“By any standard of international law, the diplomatic course of the United States met all the obligations required by the truce with Saddam and by that same course acknowledged, finally, Saddams inability to live up to that truce and our ability, under international law, to no longer maintain the lull in hostilities that only the broken truce had previously provided.”
Sorry, This would have been accurate if we had the UN permission to break the truce. But we didn’t.
“Sorry, This would have been accurate if we had the UN permission to break the truce. But we didnt.”
Sorry. In international law, the UN’s “permission” was not required or needed for the coalition that placed, and obtained, the truce and its demands on Saddam to identify, within their sovereign rights that the belligerent, Saddam, had broken the truce in such a manner that the defendants of the truce, the coalition, no longer had to continue it for him.
The UN is not a sovereign or a sovereign entity of any kind.
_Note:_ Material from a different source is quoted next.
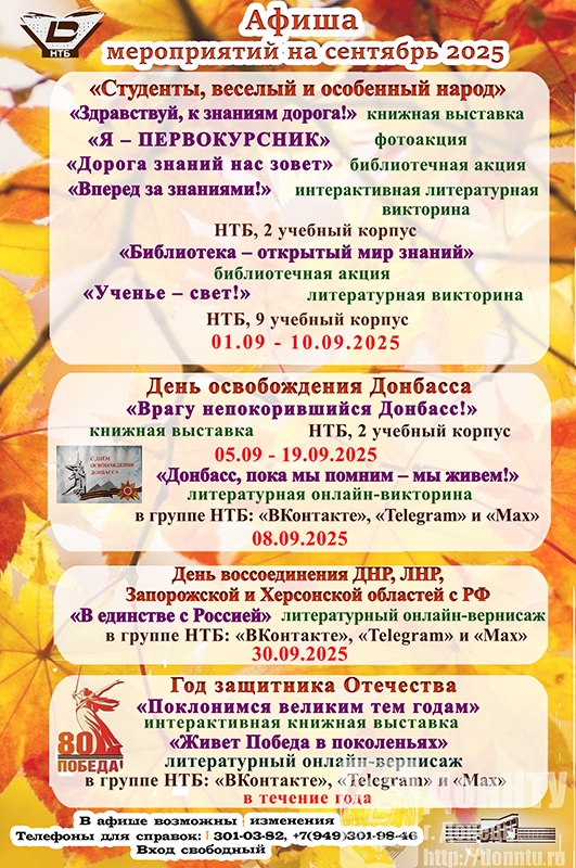 Научно-техническая библиотека ДонНТУ предлагает вашему вниманию афишу на сентябрь к знаменательным датам, историческим, культурным событиям.
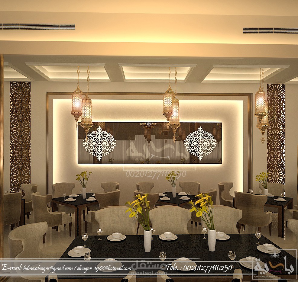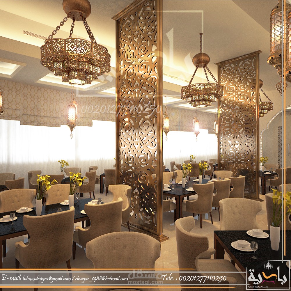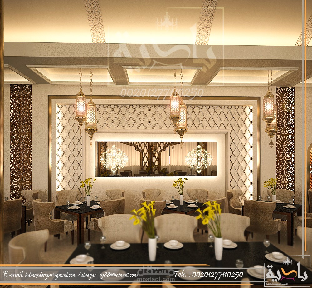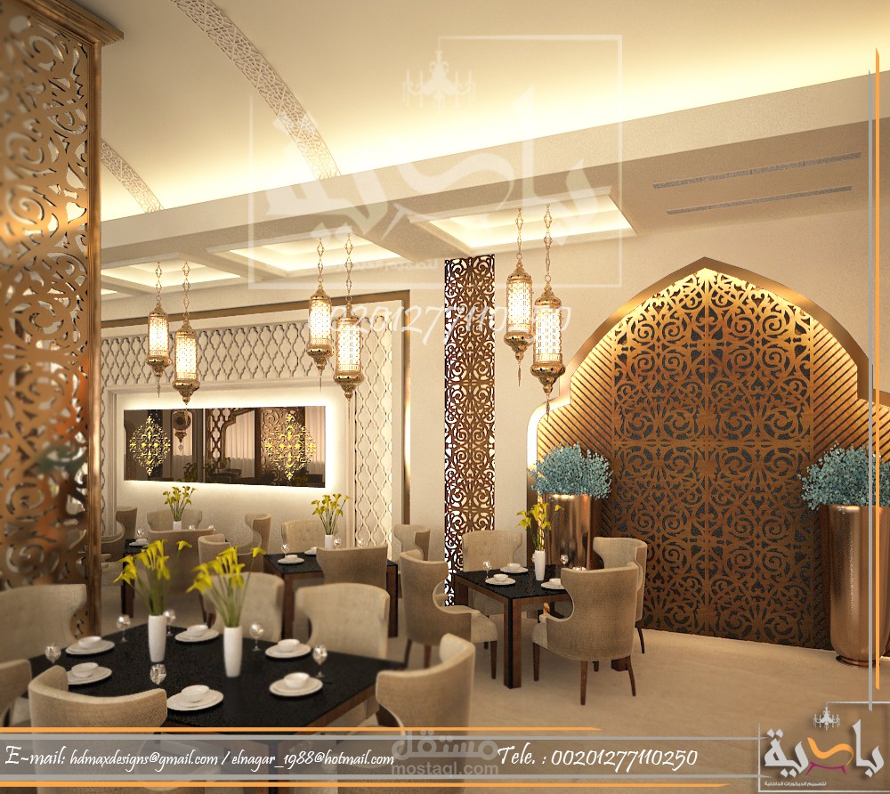 تصميم مطعم بروح الاسلامي بشكله الحديث مع طابع الفخامة بطلب من العميل في الممكلة العربية السعودية

It is not “the world’s top ‘government’, in any manner.
Sovereign nations may place a course of remediation in international disputes to be conducted through the auspices of an international forumn like the UN, and they may conduct diplomacy regarding how well those remediation measures are or are not being obtained by that agency, but that course does not move their sovereign rights in demanding the truce be lived-up to, irrevocably, to that agency.
When a truce has failed as the one on Saddam did, the parties that obtained the truce, that forced that truce on the belligerent, give up nothing of their sovereign right towards the legitimate course, in international law, in the inherent meaning of a truce and the sovereign rights of its principals - resumption of the lull in fighting if the truce is broken. Anyone who thinks the UN stands above those rights does not understand international law.